> [Directions for this task]
Lines with the word "βιβλιοθήκης" in them must be copied from the records below.

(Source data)
-=-=-

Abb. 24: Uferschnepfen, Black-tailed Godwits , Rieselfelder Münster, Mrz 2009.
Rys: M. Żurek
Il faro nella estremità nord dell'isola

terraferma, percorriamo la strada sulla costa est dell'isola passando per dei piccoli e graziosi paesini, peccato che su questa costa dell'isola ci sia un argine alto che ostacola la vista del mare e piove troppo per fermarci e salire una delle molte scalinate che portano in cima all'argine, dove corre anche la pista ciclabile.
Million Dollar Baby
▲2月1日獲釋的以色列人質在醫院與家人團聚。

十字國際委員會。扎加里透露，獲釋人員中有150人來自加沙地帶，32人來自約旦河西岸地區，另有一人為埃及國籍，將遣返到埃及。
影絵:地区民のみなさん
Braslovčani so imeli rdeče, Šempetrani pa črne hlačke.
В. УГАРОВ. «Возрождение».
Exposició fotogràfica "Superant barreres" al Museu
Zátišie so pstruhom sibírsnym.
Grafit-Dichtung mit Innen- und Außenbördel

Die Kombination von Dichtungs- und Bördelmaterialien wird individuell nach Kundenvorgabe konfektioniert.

-=-=-

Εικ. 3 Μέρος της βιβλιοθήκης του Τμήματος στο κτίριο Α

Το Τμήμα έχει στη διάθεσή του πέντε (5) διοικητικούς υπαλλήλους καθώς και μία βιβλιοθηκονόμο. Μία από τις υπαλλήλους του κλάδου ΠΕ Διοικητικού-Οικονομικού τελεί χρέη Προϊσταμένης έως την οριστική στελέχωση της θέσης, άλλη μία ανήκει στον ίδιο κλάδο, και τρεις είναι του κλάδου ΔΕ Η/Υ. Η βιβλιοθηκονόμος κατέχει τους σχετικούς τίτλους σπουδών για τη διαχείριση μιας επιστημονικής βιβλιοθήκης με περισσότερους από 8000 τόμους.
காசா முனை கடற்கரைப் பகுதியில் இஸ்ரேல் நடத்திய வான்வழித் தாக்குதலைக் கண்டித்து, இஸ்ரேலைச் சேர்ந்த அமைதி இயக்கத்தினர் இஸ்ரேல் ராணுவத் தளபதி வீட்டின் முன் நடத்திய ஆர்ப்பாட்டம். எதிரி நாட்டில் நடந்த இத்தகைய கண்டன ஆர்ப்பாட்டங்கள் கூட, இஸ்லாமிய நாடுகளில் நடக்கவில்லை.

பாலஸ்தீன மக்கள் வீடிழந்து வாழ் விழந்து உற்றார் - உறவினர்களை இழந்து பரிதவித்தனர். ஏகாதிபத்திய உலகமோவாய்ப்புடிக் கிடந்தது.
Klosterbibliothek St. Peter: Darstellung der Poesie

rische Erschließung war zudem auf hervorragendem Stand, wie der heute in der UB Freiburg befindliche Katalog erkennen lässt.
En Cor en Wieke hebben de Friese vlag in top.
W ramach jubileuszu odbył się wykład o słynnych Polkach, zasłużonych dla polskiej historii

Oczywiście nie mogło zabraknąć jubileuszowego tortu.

-=-=-

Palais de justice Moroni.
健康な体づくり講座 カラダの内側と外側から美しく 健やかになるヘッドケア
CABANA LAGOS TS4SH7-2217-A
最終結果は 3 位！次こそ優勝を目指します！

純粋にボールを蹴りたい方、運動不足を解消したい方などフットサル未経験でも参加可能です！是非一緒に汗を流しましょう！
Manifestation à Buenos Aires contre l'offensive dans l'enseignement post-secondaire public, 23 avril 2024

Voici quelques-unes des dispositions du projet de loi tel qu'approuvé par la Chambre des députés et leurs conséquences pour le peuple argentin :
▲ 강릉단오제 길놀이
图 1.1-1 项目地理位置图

-=-=-

> [The answer]
Εικ. 3 Μέρος της βιβλιοθήκης του Τμήματος στο κτίριο Α
Το Τμήμα έχει στη διάθεσή του πέντε (5) διοικητικούς υπαλλήλους καθώς και μία βιβλιοθηκονόμο. Μία από τις υπαλλήλους του κλάδου ΠΕ Διοικητικού-Οικονομικού τελεί χρέη Προϊσταμένης έως την οριστική στελέχωση της θέσης, άλλη μία ανήκει στον ίδιο κλάδο, και τρεις είναι του κλάδου ΔΕ Η/Υ. Η βιβλιοθηκονόμος κατέχει τους σχετικούς τίτλους σπουδών για τη διαχείριση μιας επιστημονικής βιβλιοθήκης με περισσότερους από 8000 τόμους.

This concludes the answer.